The Central Bank of Liberia’s (CBL) Monetary Policy Committee (MPC), after a thorough assessment of global and domestic economic developments, has decided to retain the Monetary Policy Rate (MPR) at 17.0 percent as well as the Liberian dollar and US dollar reserved requirement ratios of 25.0 percent and 10.0 percent, respectively. The MPC also decided to re-introduce the corridor system, offering standing credit facility (SCF) at the upper band of MPR plus 2.5 percentage points and standing deposit facility (SDF) at the lower band of MPR minus 7.5 percentage points.
A. Domestic Macroeconomic Developments
The MPC found that the Quarterly Real Gross Domestic Product (QRGDP) had moderated to 1.7% in the fourth quarter, from 5.3% in the first quarter of 2023, and that this trend was likely to continue for the next two months in the first quarter of 2025 as businesses move to replenish their stocks that were used up during the 2024 end-of-year festivities.
Of concern to the MPC was the rise in consumer prices to 8.7 percent, from 5.9 percent in the third quarter of 2024, and projected to further increase to 10.3 percent, +/-2.0 percent for the first quarter of 2025, largely attributable to a rise in domestic food prices.
In the banking sector, the MPC noted a decrease in total assets, total deposits, and total loans and advances by 3.4 percent, 3.3 percent, and 5.5 percent, respectively, mainly reflecting exchange rate appreciation. Non-performing loans, on the other hand, reduced by 2.1 percentage points to 19.2 percent, from 21.3 percent in the previous quarter, but it is still above the Bank’s tolerable limit of at most 10.0 percent.

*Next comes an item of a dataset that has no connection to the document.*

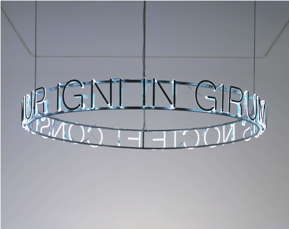
Cerith Wyn Evans, In girum imus nocte et consumimur igni , 2008, neon, metal, cable, plexiglass, 20 × 185 cm, courtesy the artist & Galerie Neu, Berlin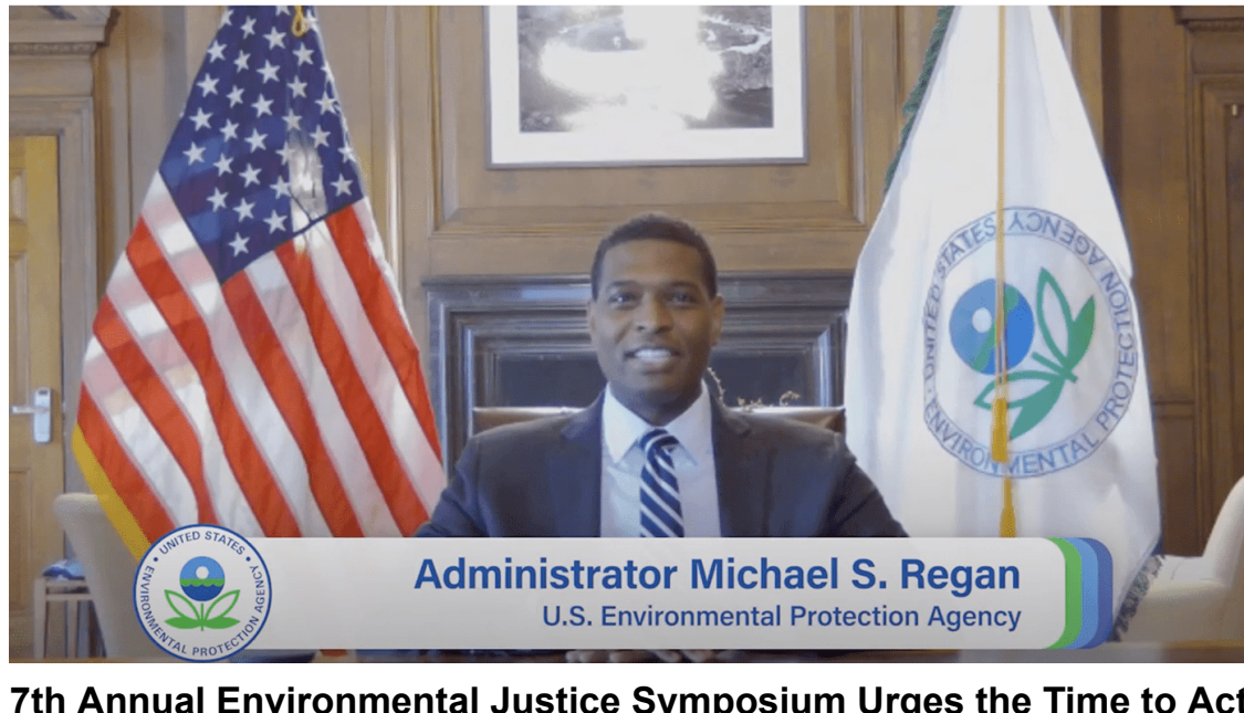
Administrator Michael S. Regan U.S. Environmental Protection Agency

The MPC observed the concentration of credits to five sectors, namely: trade (26.0 percent), personal (14.9 percent), services (14.2 percent), oil and gas (8.4 percent), and construction (8.1 percent), but noted a steady growth in credits to the private sector, with the Liberian dollar component increasing by 2.7 percent from L$5.9 billion to L$6.0 billion during the third quarter of 2024. This was mainly driven by an estimated 57.3 percent and 40.4 percent growth in credits to manufacturing and agriculture, respectively.
The MPC noted a decline of 1.4 percent in broad money in quarter four, compared to the previous quarter, and a 25.6 percent rise in currency in circulation from L$27.9 billion attributed to increased spending around the 2024 festive season. The MPC also noted an undersubscription of the CBL Bills, reflecting drawdown on deposits to facilitate the festive season spending.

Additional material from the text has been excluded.